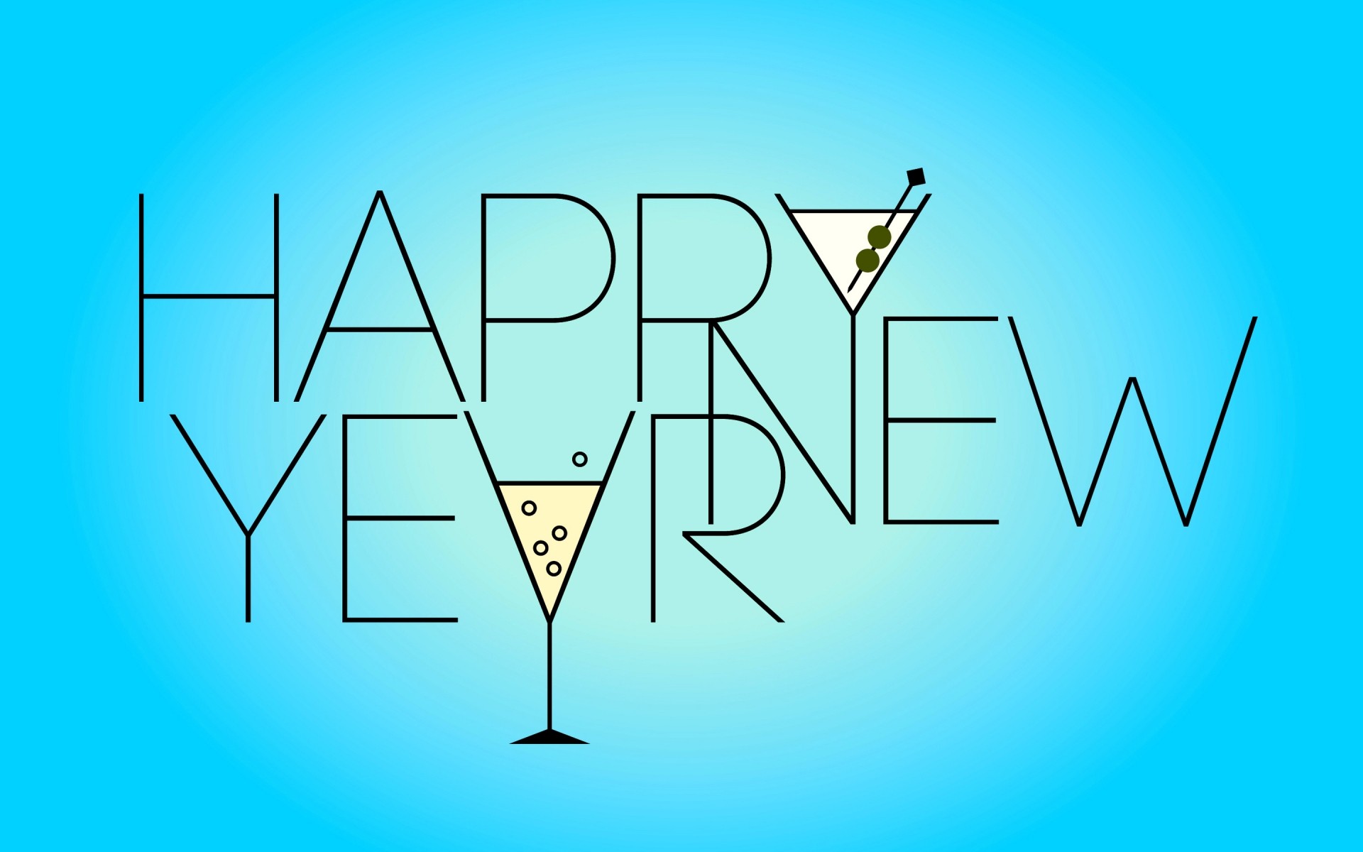 Desenho de design Feliz Ano Novo em um fundo escuro com detalhes vívidos
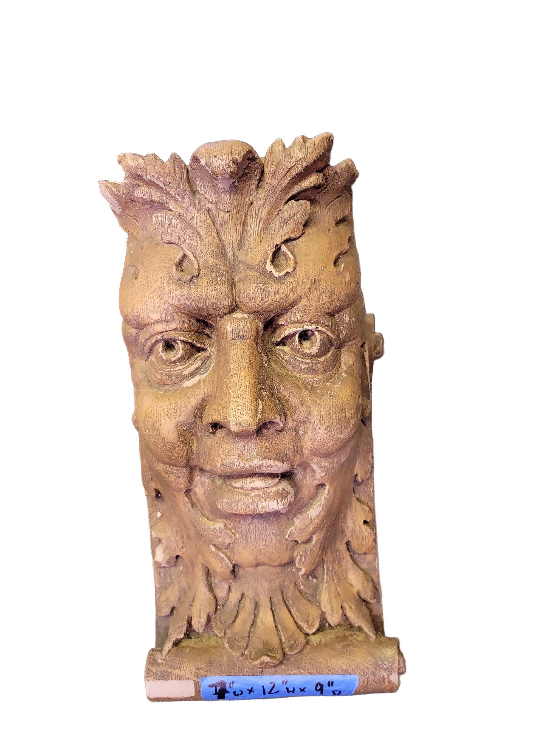 Wooden Nickel was founded in 1976 in Cincinnati, Ohio, and became known for its architectural salvage and detailed reproductions. This Green Man corbel reflects a late 20th-century revival of medieval European design in interior and garden decor.
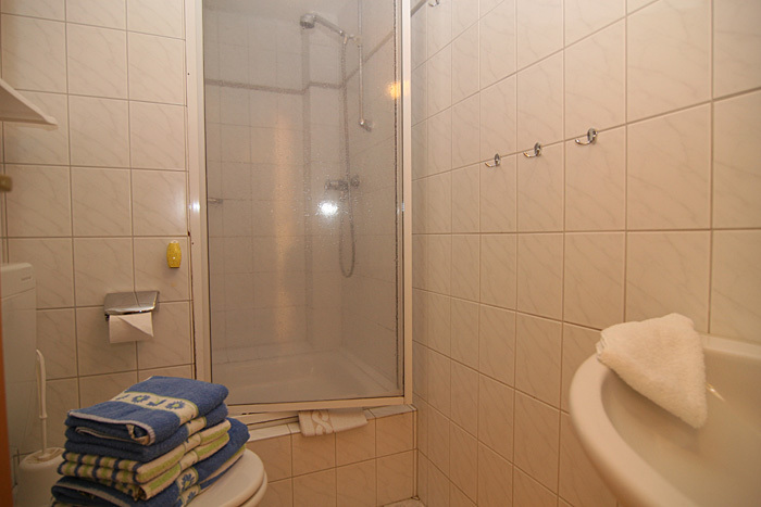 Im Bad gibt es eine Dusche , WC und Handwaschbecken.
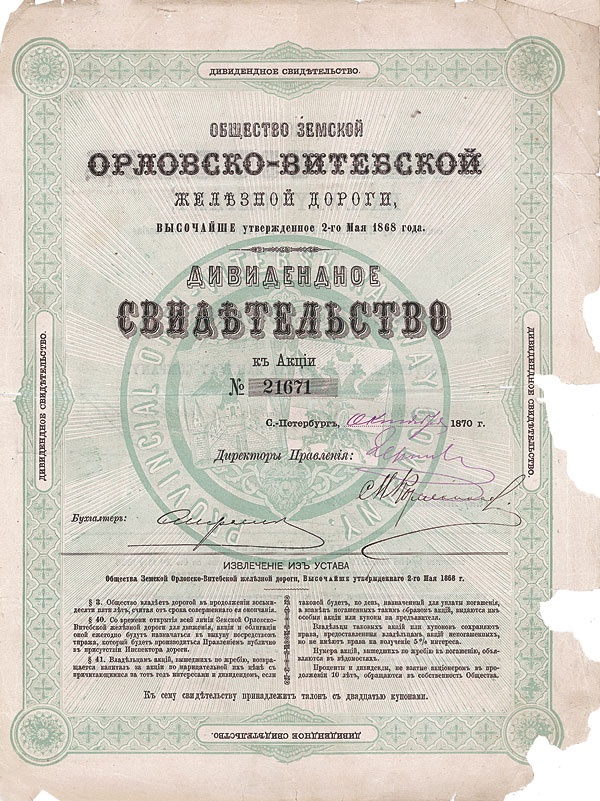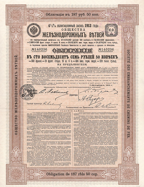Nr. 1184 Schätzpreis: 20,00 EURStartpreis: 10,00 EUR Zufuhrbahn 4,5% Obl. 187,50 Rbl. = 500 F = 19.5.6 £ = 404 Mark = 239 fl., Nr. 140236 St. Petersburg, von 1913 EF/VF D/H SU E 1178, R1. Zweisprachig russisch/französisch. Mit anh. restlichen Kupons. (Einlieferer-Nr.: 68) |
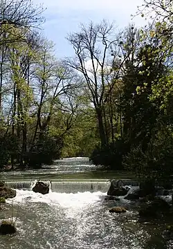 Thompson left Munich in 1798. His successor, Baron von Werneck, attempted to make the garden itself through its agricultural use. To that end he expanded the park in December 1799 to encompass the Hirschau, which was improved to provide pasture. The fields of the military gardens were added to the Englischer Garten in January 1800. Werneck's improvements had been costly, and in 1804 he was replaced by Sckell, who was given the post of Bayerischer Hofgärtenintendant ("Bavarian Court Garden Supervisor").[14] Although Sckell had had a guiding role from the beginning, many aspects of the execution differed from his ideas, which he set out in a memorandum of 1807.[15] His long supervision of the garden (1804–1823) was marked by a movement away from agricultural uses and by concentration on the landscape garden. For instance, two mills at the point where the Schwabingerbach (Schwabing stream) leaves the Eisbach (Ice stream) were removed and an artificial waterfall was created in 1814–1815.[16]
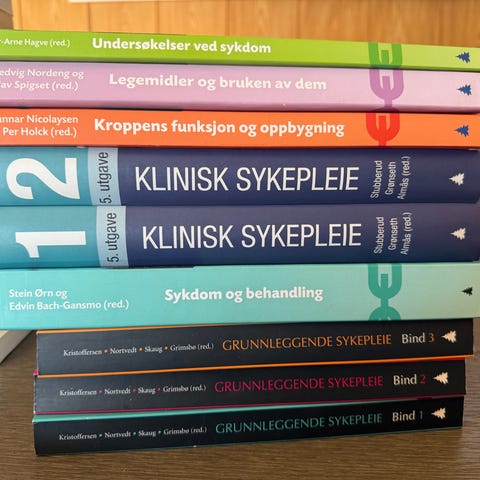 Diverse lærebøker for sykepleier/medisinsk utdanning.
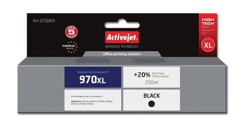 Tusz Activejet AH-970BRX (zamiennik HP 970XL CN625AE; Premium; 250 ml; czarny)
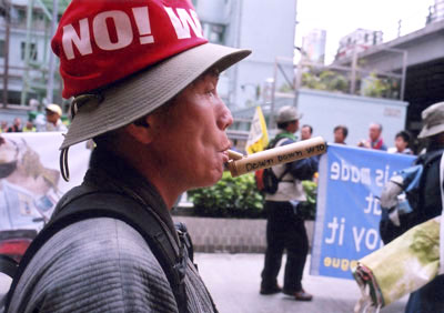 叔叔口中的竹製哨子,寫著「Down Down WTO」,又似煙斗。
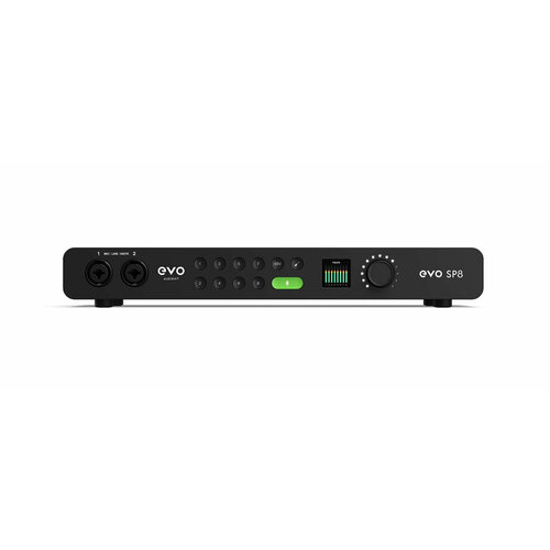 Audient EVO SP8 – это восьмиканальный предусилитель со встроенным ЦАП/АЦП и подключением по ADAT. Модель станет эффективным расширителем для звуковых интерфейсов с ADAT. Внешний вид устройства практически идентичен звуковой карте EVO 16, девайс оснащается теми же переключателями выбора каналов и функций, цветным ЖК-дисплеем и большим поворотным регулятором. EVO SP8 поставляется с функцией Smartgain, предлагает восемь предусилителей с входами на комбинированных разъёмах XLR/TRS (принимают как микрофонные, так и линейные источники) и способен обеспечить усиление до 58 дБ. Первые два входа также принимают сигналы инструментального уровня и расположены на передней панели, в то время как восемь линейных выходов на разъемах TRS располагаются на задней стороне устройства. Вход/выход ADAT устройства обеспечивается четырьмя оптическими разъёмами, кроме этого, имеется вход Wordclock для синхронизации преобразования в EVO 16 или другой звуковой интерфейс. Также присутствует порт USB-C, используемый только для обновления прошивки. Предусилитель обладает прочным стальным корпусом с нескользящими резиновыми ножками, а в качестве дополнительной опции доступны проушины для стойки. Помимо прочего, предоставлен внутренний источник питания, питающийся от стандартного сетевого разъема IEC.
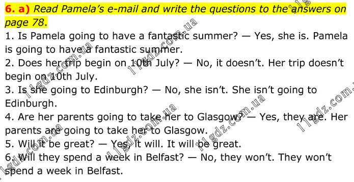 6. a) Read Pamela’s e-mail and write the questions to the answers on page 78. 1. Is Pamela going to have a fantastic summer? — Yes, she is. Pamela is going to have a fantastic summer. 2. Does her trip begin on 10th July? — No, it doesn’t. Her trip doesn’t begin on 10th July. 3. Is she going to Edinburgh? — No, she isn’t. She isn’t going to Edinburgh. 4. Are her parents going to take her to Glasgow? — Yes, they are. Her parents are going to take her to Glasgow. 5. Will it be great? — Yes, it will. It will be great. 6. Will they spend a week in Belfast? — No, they won’t. They won’t spend a week in Belfast.
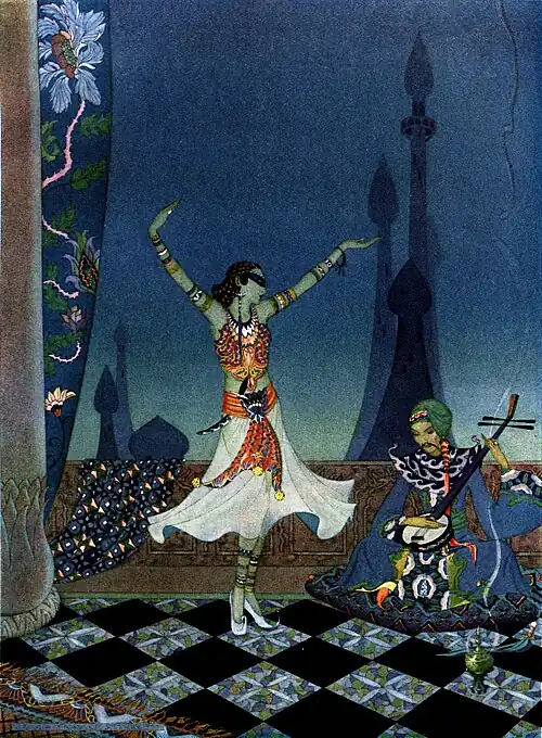 As soon as Abdalla saw that Ali Baba and Cogia Houssain had done talking, he began to play on the tabor, and to sing an air, to which Morgiana, who was an excellent performer, danced in such a manner as would have created admiration in any company.
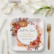 Un évènement mariage/nuptiale à thème automne pour tous. Ces assiettes en papier de forme carré sont ornées d'art d'automne fleuri, fruitier et citrouille et impressionneront tous pour y assister. Idéal pour les mariage, les fiançailles et plus encore. Personnalisez avec des détails pour l'événement de votre choix. Photo orchidart sur Freepik.

-=-=-

Work item ▸
When you copy the records above, keep every word exact and drop the pictures.

The completed task ▸
 Desenho de design Feliz Ano Novo em um fundo escuro com detalhes vívidos
 Wooden Nickel was founded in 1976 in Cincinnati, Ohio, and became known for its architectural salvage and detailed reproductions. This Green Man corbel reflects a late 20th-century revival of medieval European design in interior and garden decor.
 Im Bad gibt es eine Dusche , WC und Handwaschbecken.
Nr. 1184 Schätzpreis: 20,00 EURStartpreis: 10,00 EUR Zufuhrbahn 4,5% Obl. 187,50 Rbl. = 500 F = 19.5.6 £ = 404 Mark = 239 fl., Nr. 140236 St. Petersburg, von 1913 EF/VF D/H SU E 1178, R1. Zweisprachig russisch/französisch. Mit anh. restlichen Kupons. (Einlieferer-Nr.: 68) |
 Thompson left Munich in 1798. His successor, Baron von Werneck, attempted to make the garden itself through its agricultural use. To that end he expanded the park in December 1799 to encompass the Hirschau, which was improved to provide pasture. The fields of the military gardens were added to the Englischer Garten in January 1800. Werneck's improvements had been costly, and in 1804 he was replaced by Sckell, who was given the post of Bayerischer Hofgärtenintendant ("Bavarian Court Garden Supervisor").[14] Although Sckell had had a guiding role from the beginning, many aspects of the execution differed from his ideas, which he set out in a memorandum of 1807.[15] His long supervision of the garden (1804–1823) was marked by a movement away from agricultural uses and by concentration on the landscape garden. For instance, two mills at the point where the Schwabingerbach (Schwabing stream) leaves the Eisbach (Ice stream) were removed and an artificial waterfall was created in 1814–1815.[16]
 Diverse lærebøker for sykepleier/medisinsk utdanning.
 Tusz Activejet AH-970BRX (zamiennik HP 970XL CN625AE; Premium; 250 ml; czarny)
 叔叔口中的竹製哨子,寫著「Down Down WTO」,又似煙斗。
 Audient EVO SP8 – это восьмиканальный предусилитель со встроенным ЦАП/АЦП и подключением по ADAT. Модель станет эффективным расширителем для звуковых интерфейсов с ADAT. Внешний вид устройства практически идентичен звуковой карте EVO 16, девайс оснащается теми же переключателями выбора каналов и функций, цветным ЖК-дисплеем и большим поворотным регулятором. EVO SP8 поставляется с функцией Smartgain, предлагает восемь предусилителей с входами на комбинированных разъёмах XLR/TRS (принимают как микрофонные, так и линейные источники) и способен обеспечить усиление до 58 дБ. Первые два входа также принимают сигналы инструментального уровня и расположены на передней панели, в то время как восемь линейных выходов на разъемах TRS располагаются на задней стороне устройства. Вход/выход ADAT устройства обеспечивается четырьмя оптическими разъёмами, кроме этого, имеется вход Wordclock для синхронизации преобразования в EVO 16 или другой звуковой интерфейс. Также присутствует порт USB-C, используемый только для обновления прошивки. Предусилитель обладает прочным стальным корпусом с нескользящими резиновыми ножками, а в качестве дополнительной опции доступны проушины для стойки. Помимо прочего, предоставлен внутренний источник питания, питающийся от стандартного сетевого разъема IEC.
 6. a) Read Pamela’s e-mail and write the questions to the answers on page 78. 1. Is Pamela going to have a fantastic summer? — Yes, she is. Pamela is going to have a fantastic summer. 2. Does her trip begin on 10th July? — No, it doesn’t. Her trip doesn’t begin on 10th July. 3. Is she going to Edinburgh? — No, she isn’t. She isn’t going to Edinburgh. 4. Are her parents going to take her to Glasgow? — Yes, they are. Her parents are going to take her to Glasgow. 5. Will it be great? — Yes, it will. It will be great. 6. Will they spend a week in Belfast? — No, they won’t. They won’t spend a week in Belfast.
 As soon as Abdalla saw that Ali Baba and Cogia Houssain had done talking, he began to play on the tabor, and to sing an air, to which Morgiana, who was an excellent performer, danced in such a manner as would have created admiration in any company.
 Un évènement mariage/nuptiale à thème automne pour tous. Ces assiettes en papier de forme carré sont ornées d'art d'automne fleuri, fruitier et citrouille et impressionneront tous pour y assister. Idéal pour les mariage, les fiançailles et plus encore. Personnalisez avec des détails pour l'événement de votre choix. Photo orchidart sur Freepik.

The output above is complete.